Он не был красив, паж Дагоберт. Но прекрасное, гибкое и сильное, удлиненное тело, движенья молодого хищного зверя. И прелестная улыбка, открывающая белоснежный ряд зубов. Несколько парализовал его дарование южный акцент, харьковское комканье слов, с которым он не справлялся. Но актер превосходный, тонкий и умный. Впоследствии он поднялся очень высоко в театральной иерархии. Но в тот сезон он был еще начинающим, одним из нашей молодой группы, из которой выросли кроме него таланты К. Э. Гибшмана, В. А. Подгорного, Ады Корвин, среди которой была я, подававшая не меньше надежды и так глупо загубившая все.
В нем и во мне бурлила молодая кровь, оказавшаяся так созвучной на заветных путях.
В тот день, после репетиции и обеда, немногие оставшиеся до спектакля часы, мы сидели в моем маленьком гостиничном номере, на утлом диванчике. Перед нами на столе лежал, как предлог для прихода ко мне, какой-то французский роман. Паж Дагоберт усовершенствовался в знании этого языка, а я взялась ему помогать, чтобы избегнуть поиска в словаре, на которые, действительно, уходит много времени, а его было у всех нас очень мало. Однако и для нас не "прошли времена Паоло и Франчески..." Когда пробил час упасть одеждам, в порыве веры в созвучность чувств моего буйного пажа с моими, я как-то настолько убедительно просила дать мне возможность показать себя так, как я этого хочу, что он повиновался, отошел к окну, отвернувшись к нему. Было уже темно, на потолке горела электрическая лампочка - убогая, банальная.
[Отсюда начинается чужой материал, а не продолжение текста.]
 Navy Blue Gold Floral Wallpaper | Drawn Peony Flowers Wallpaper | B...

В несколько движений я сбросила с себя все и распустила блистательный плащ золотых волос, всегда легких, волнистых, холеных. В наше время ими и любовались, и гордились. Отбросила одеяло на спинку кровати. Гостиничную стенку я всегда завешивала простыней, также спинку кровати у подушек. Я протянулась на фоне этой снежной белизны и знала, что контуры тела еле-еле на ней намечаются, что я могу не бояться грубого, прямого света, падающего с потолка, что нежная и тонкая, ослепительная кожа может не искать полумрака... Может быть Джорджоне, может быть Тициан... Когда паж Дагоберт повернулся... Началось какое-то торжество, вне времени и пространства. Помню только его восклицание: "А-а-а... что же это такое?" Помню, что он так и смотрел издали, схватившись за голову, и только умоляет иногда не шевелиться... Сколько времени это длилось? Секунды или долгие минуты... Потом он подходит, опускается на колено, целует руку, что-то бормочет о том, что хочет унести с собой эти минуты, не нарушив ничем их восторга... Он видит, что я улыбаюсь ему гордо и счастливо и благодарным пожатием руки отвечаю на почтительные поцелуи.
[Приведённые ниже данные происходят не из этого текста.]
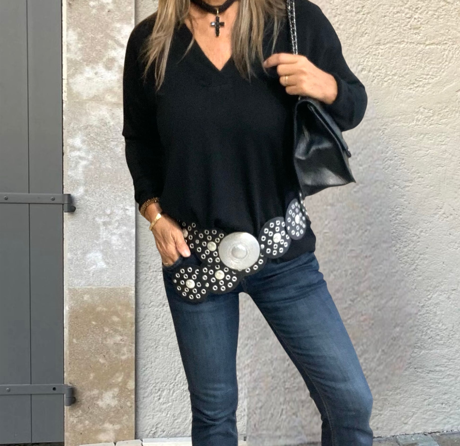 Jersey ligero de punto fino. Con escote en V y manga larga montada. Acabado en canalé ancho de 5 cms en escote, puños y bajos.

На спектакле, конечно, мой паж Дагоберт уже ходит чернее тучи, так смотрит, что я бегу от него, боюсь, что бьющая меня лихорадка будет слишком заметна другим. И все же где-то на сцене он успевает почти проскрежетать около моего уха: "Теперь-то я уж больше не уйду"... И начался пожар, такое полное согласие всех ощущений, экстаз почти до обморока, экстаз, может быть и до потери сознания - мы ничего не знали и не помнили и лишь с трудом возвращались к миру реальности.
И все же первые минуты остаются несравненными.
Это безмолвное обожание, восторг, кольцо чар, отбросившее, как реальная сила - этот момент лучшее, что было в моей жизни. Никогда я не знала большей "полноты бытия", большего слияния с красотой, с мирозданием. Я была я, какой о себе мечтала, какой только надеялась когда-нибудь быть.
Это ли не "сублимация"? Влекло нас, молодых и нравящихся друг другу желание. Отбросило его от меня мое собственное отношение к моему телу, к торжественному для меня моменту - показать его тому, кто должен был увидеть так, как я себя видела. Все могло сорваться, если бы он был "не тот".
Неужели бывают люди одинаковые, понимающие друг друга во всем и живущие общей жизнью с головы до пят? Неужели бывает это счастье? Я его не знала. С каждым была только одна какая-нибудь область общая, понятная. Даже потом среди просто "любовников": со всяким по-разному и только одна общая струна.